Having established the validity of the STOL, we employed it to reassess a fundamental aspect of evolutionary theory, the molecular clock (MC) model under which genes evolve at approximately constant gene-specific rates [23]. Using the supertree of the NUTs as a proxy for the STOL, we compared the fits of approximately 3,000 largest trees (that is, the trees with the largest number of species) from the FOL to the supertree that was constrained either under the MC assumption or according to another, more general model that we denoted Universal PaceMaker (UPM) of genome evolution [24]. Under the UPM model, the rate of evolution changes synchronously across genome-wide sets of genes in each evolving lineage (the genes accelerate or decelerate their evolution in sync), thus explaining the universal distribution of evolutionary rates of orthologous genes from diverse life forms [25,26]. However, unlike the MC model, the UPM model does not assume conservation of absolute gene-specific evolutionary rates. We showed that the UPM model fits the data substantially better than the MC model, with the implication that the MC should be replaced by a more general constraint on the evolutionary process under which only the relative evolutionary rates of the genes are conserved [24,27]. Others have also employed the FOL to test new approaches for tree comparison and 'harvest' different kinds of evolutionary signals, in particular those that reflect HGT between diverse bacteria and archaea with similar life styles [28].
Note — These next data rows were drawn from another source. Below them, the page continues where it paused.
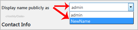 4. In the option Display name publicly as, choose your newly added nickname from the drop-down menu.
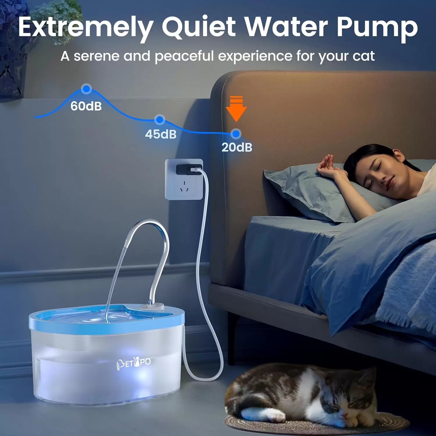 Funcionamiento silencioso: disfruta de la tranquilidad con el diseño de bomba ultra silencioso de Petlipo, volumen de trabajo ≤20 dB, ideal incluso para los gatos más sensibles. La función a prueba de salpicaduras de la fuente para mascotas garantiza un funcionamiento silencioso, manteniendo una experiencia de bebida relajante
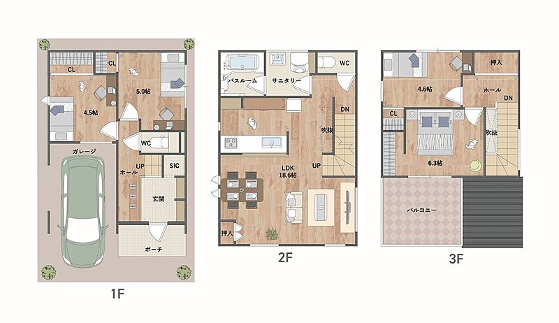 LDKや水回りを2階に配置し、プライバシー面にも配慮。18帖超のLDKには、コミュニケーションが取りやすい、対面式キッチンやリビング階段を採用しています。室内各所に収納付きです◎
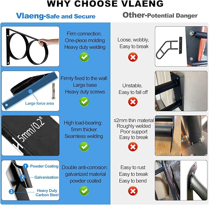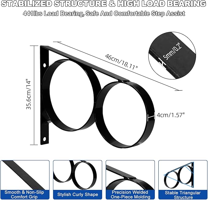 - ANTI-CORROSION & HIGH-QUALITY--The outdoor stair hand rail is made of black powder-coated heavy-duty solid carbon steel, which is resistant to scratches, cracking, peeling, UV rays, and rust, ensures long-lasting performance even in harsh weather. Thicker 5mm/0.2" anti-fracture materials, Tight welds, stabilizing triangular structures, and galvanized heavy-duty precision screws make it can hold up to 441lb large load capacity. More stable than other wall-mounted handrails.
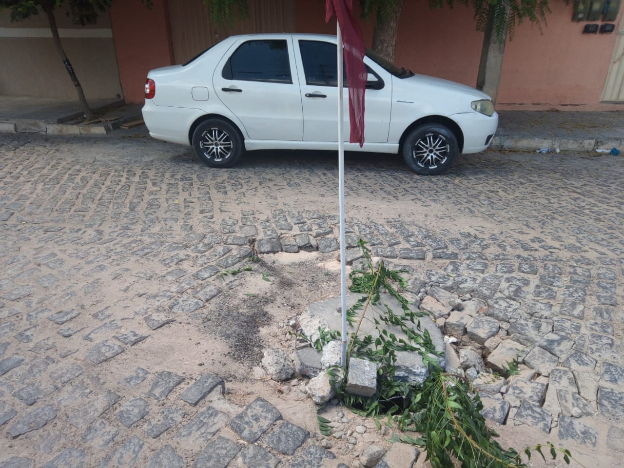 Segundo um morador, ele mesmo colocou alguns galhos para sinalizar o local e evitar que alguém se machuque.
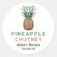 Editable Homemade pineapple chutney canning label featuring a vintage style pineapple illustration. Make your own canning labels for your favourite homemade recipes. Perfect for preserves, homemade gifts or as kitchen pantry organiser.
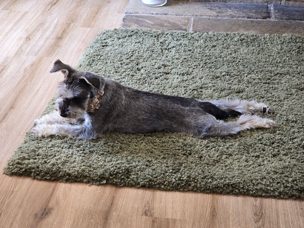 Matilda, recovering well from her bad back, is extremely hairy, having missed out on last month's haircut (which pleased her greatly)... now feeling the heat a bit! 🥰
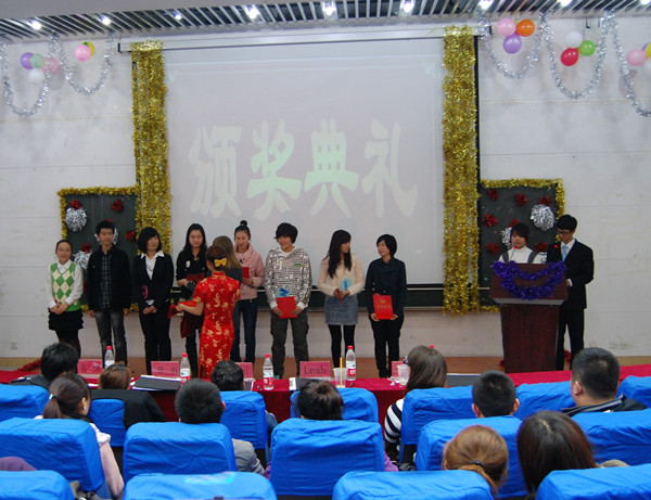 2011年10月20日晚6点半,果冻传媒 第十二届英语口语大赛在教学楼1101举行。外语教研部的两位老师和三名外籍教师出席了本次比赛并担任评委。果冻传媒 1104班潘腾代表果冻传媒 参加此次比赛。
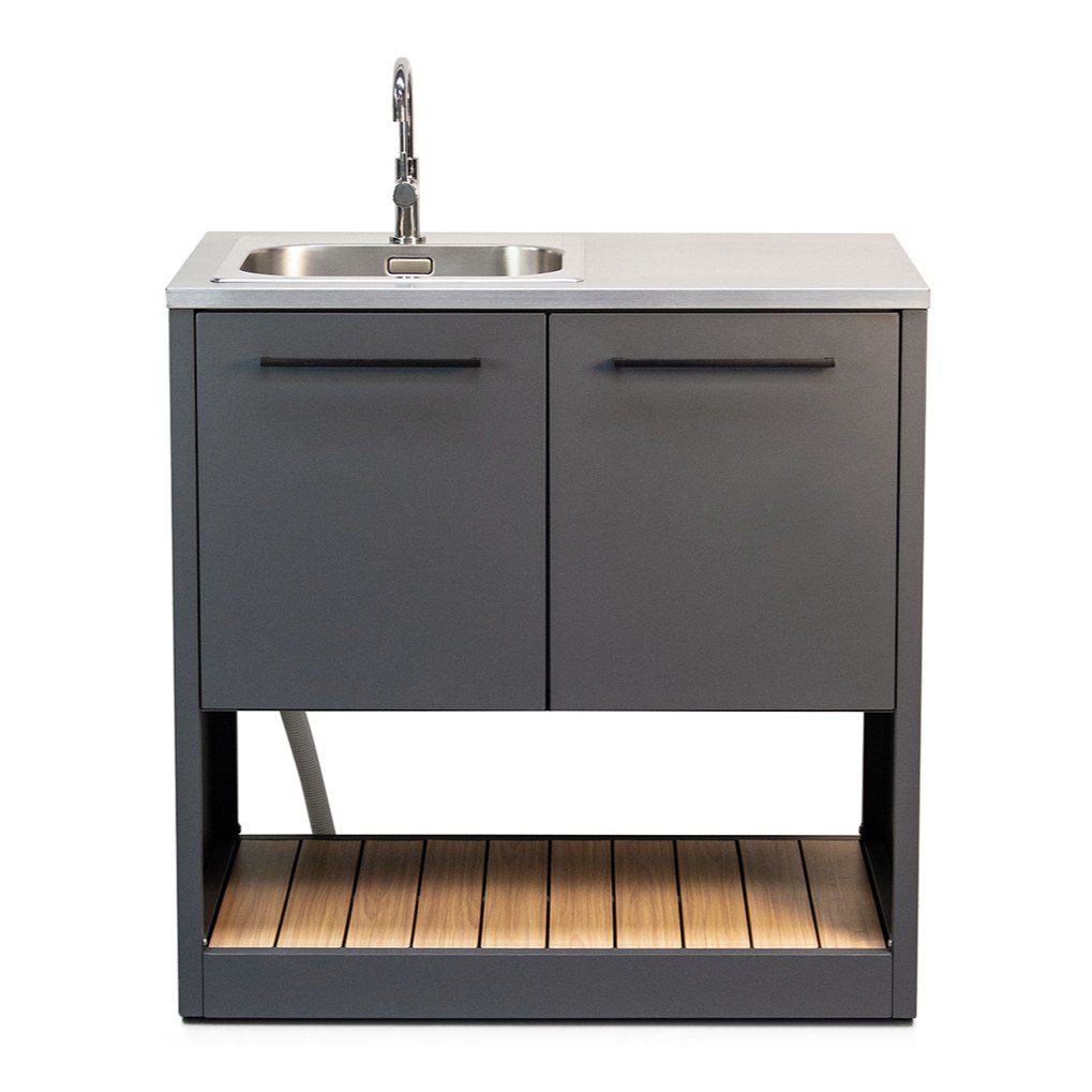 The Sahara Outdoor Kitchen Sink Unit gives you a practical and stylish space for washing up and prepping food outside. Its stainless steel worktop is tough, smooth, and easy to clean, making it ideal for everything from rinsing veg to sorting utensils. The integrated sink, tap, and drain kit make outdoor washing simple, while the quick-connect fitting lets you attach a hose in seconds. Soft-close hinges add a touch of quality, keeping the experience smooth and quiet.
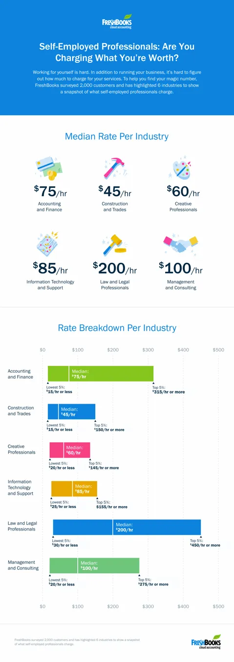 • Creative professionals, like artists and graphic designers, have the smallest spread of hourly rates—charging anywhere from $20/hr to $145/hr, with a median rate of $60/hr.
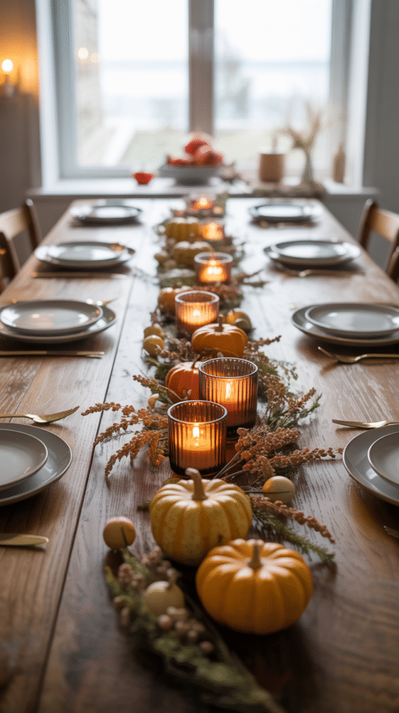 Pumpkins are the obvious fall item, but I avoid piling orange ones everywhere because it can dominate the table. What works best for me is mixing sizes and colors—white mini pumpkins, green heirlooms, even dusty blues.
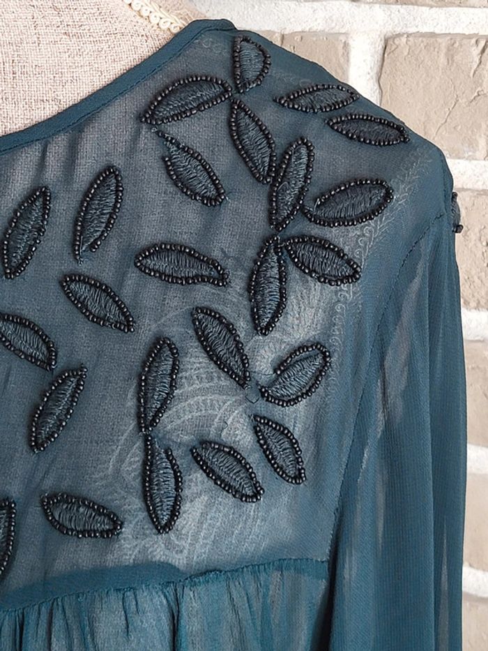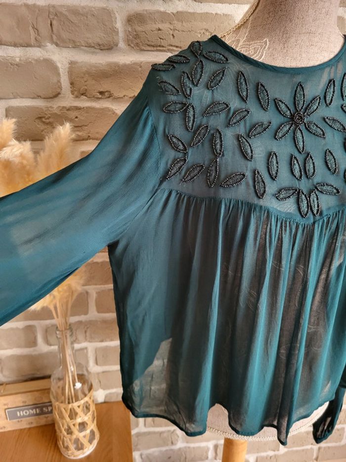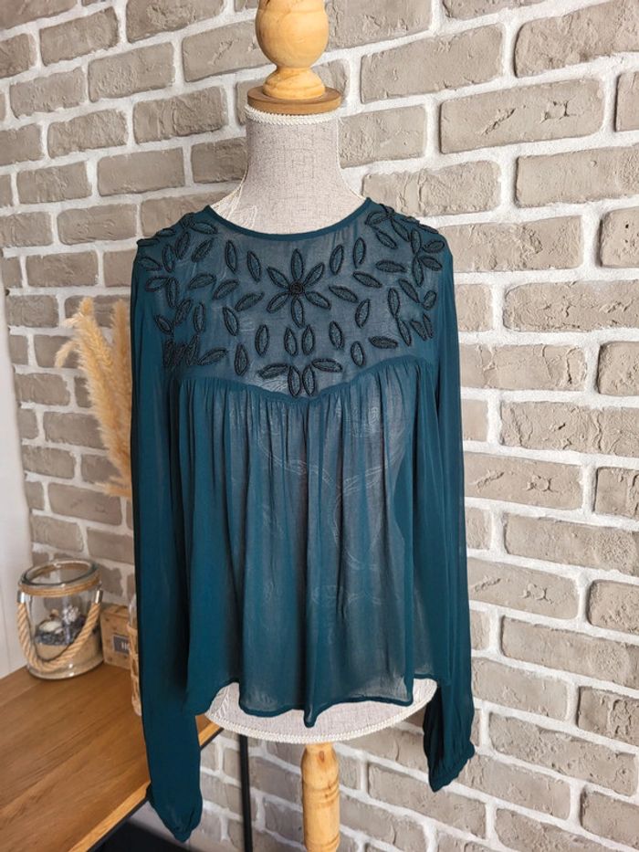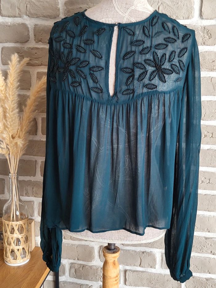 💝 Bénéficiez d'une réduction en créant lot dans mon dressing 🛍️ 🌸 Blouse fluide Mango souvent portée, il peut y avoir de très légères imperfections au niveau des coutures 🎀 Voile transparent de couleur vert sapin foncé À porter avec un top ou un soutien gorge nude 🪷 Détail brodé avec un motif floral avec des perles noires sur le haut, devant et derrière Coupe légèrement ample et manches longues boutonnées aux poignets, par de jolis boutons blancs, comme à la nuque 🍥 Taille XS 34 🩷 À associer avec un jean taille haute et des bottines pour un look casual chic Parfaite sous un blazer noir pour une tenue de bureau élégante. Si vous aimez le look bohème, portez-la avec une jupe longue et des sandales
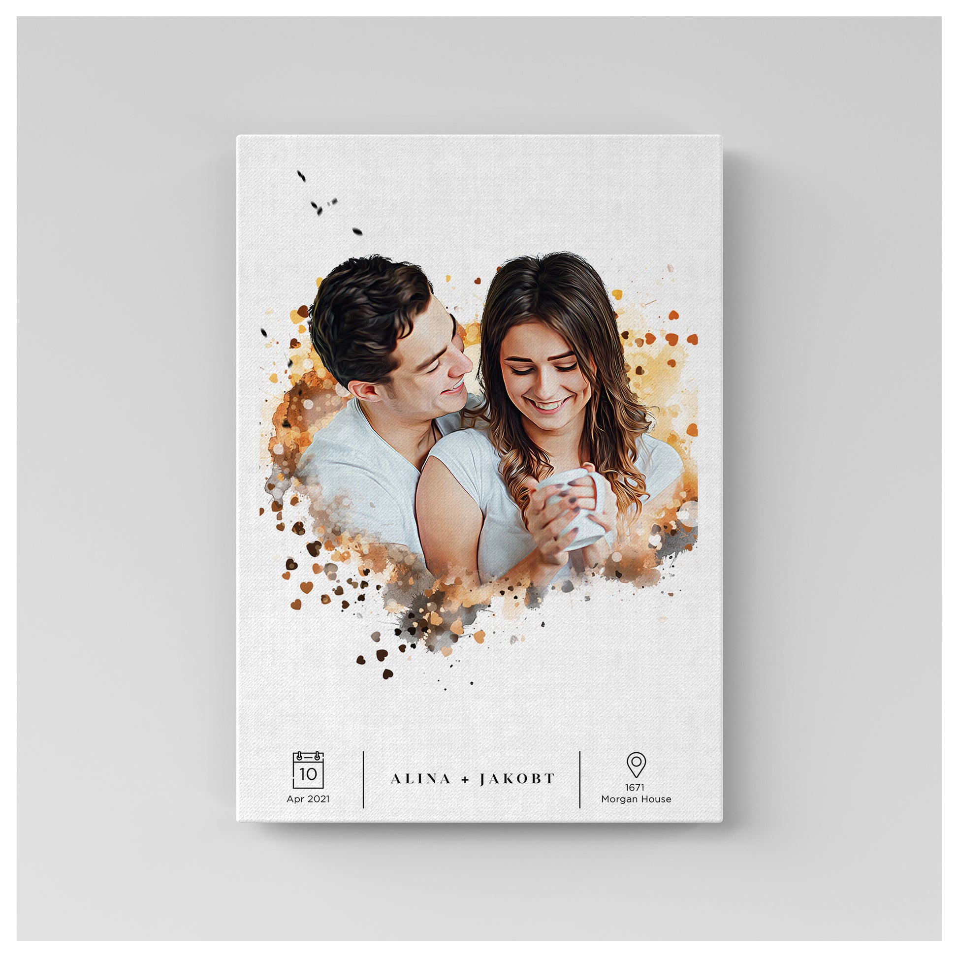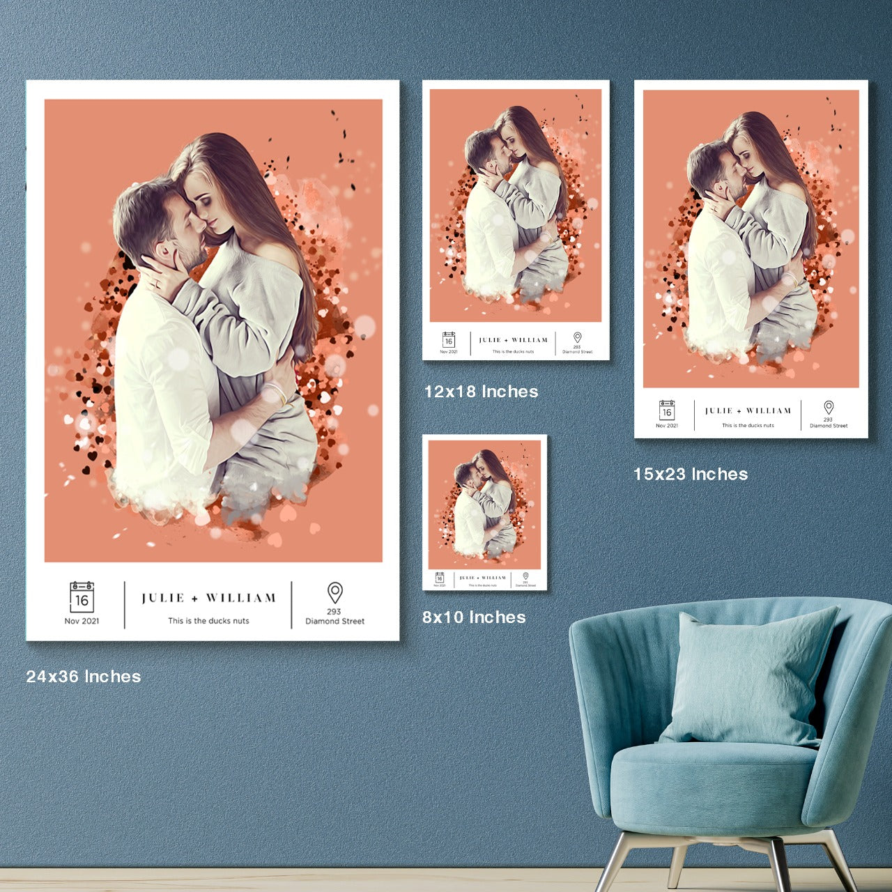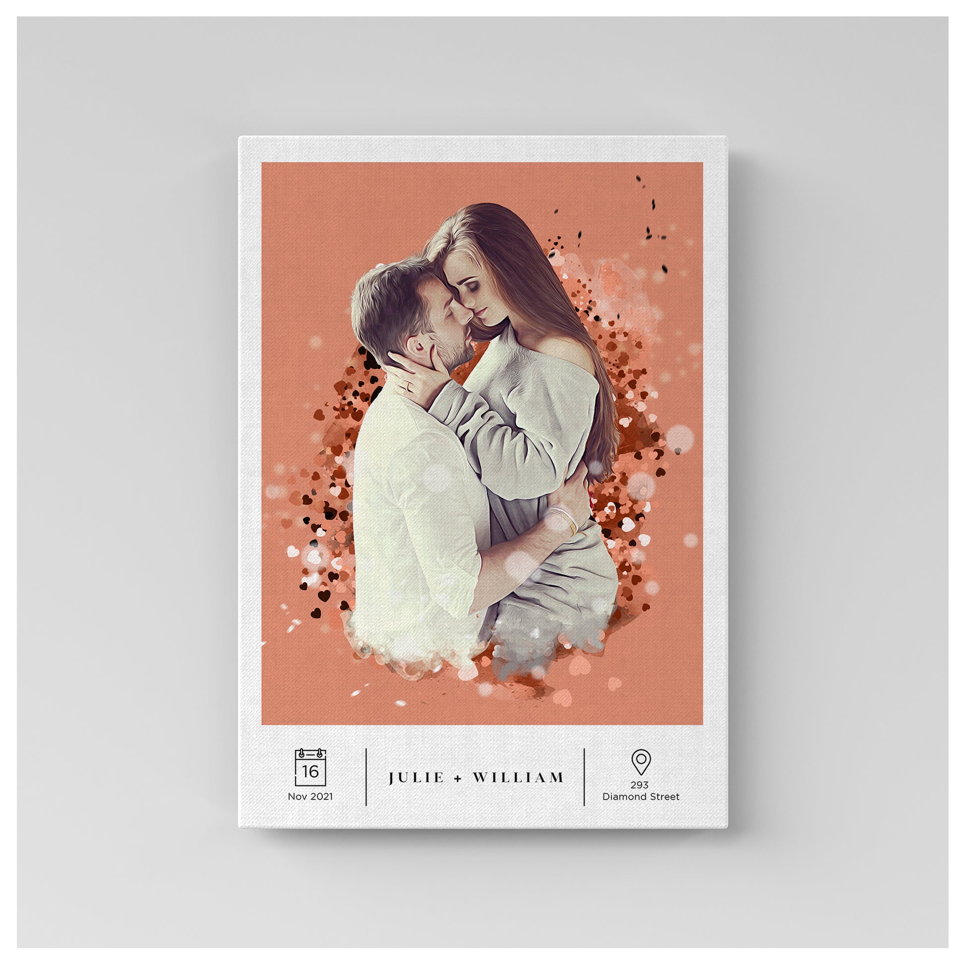 I ordered this custom couple canvas as a Valentine's gift for my wife, and it turned out even better than I could have imagined! It beautifully captured our special moments together, and the look on her face when she saw it was absolutely priceless. The artist truly brought our love story to life on canvas. If you want to surprise your wife with a heartfelt and meaningful gift this Valentine's Day, this is it!" — Michael J.
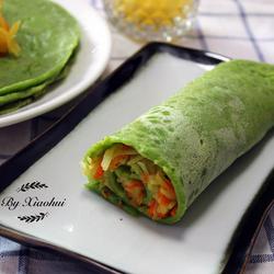 11.Spinach Cake Roll up the fried potatoes and carrot shreds and enjoy.
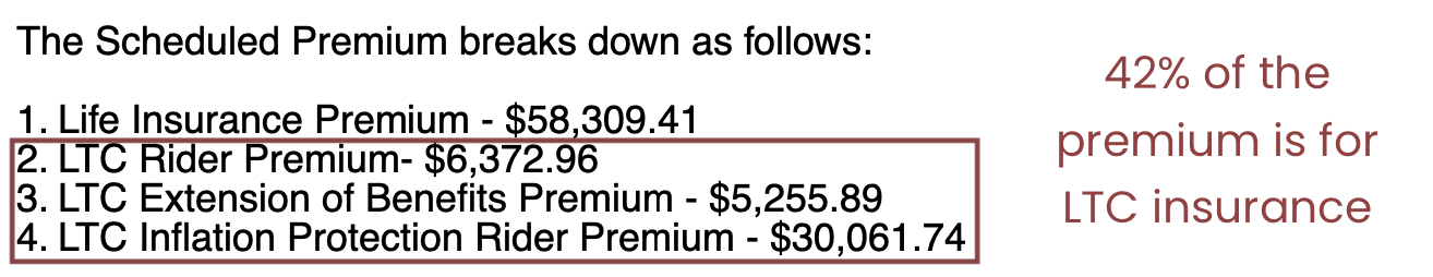 For example, if you spent $100k on this example hybrid policy, 42% of the premium is allocated to LTC and potentially deductible.

The study of the interplay between the vertical and horizontal trends in the evolution of prokaryotes continues, stimulated by the rapid accumulation of diverse archaeal and bacterial genome sequences. For example, a new and potentially promising twist of this theme is the use of shared HGT events to refine and root the species trees for prokaryotic phyla [29]

A key fact established by comparative genomics is that we already know all the NUTs: no new (nearly) universal genes can possibly be discovered, and it is equally unlikely that a substantial fraction of the NUTs will lose the 'nearly universal' status [30,31]. Thus, given that the coherent topologies of the NUTs seem to adequately represent a central statistical trend in the FOL, the STOL appears to be here to stay and could become a solid foundation for a genome-based classification of bacteria and archaea [32], and perhaps even more importantly, a robust framework for evolutionary reconstruction.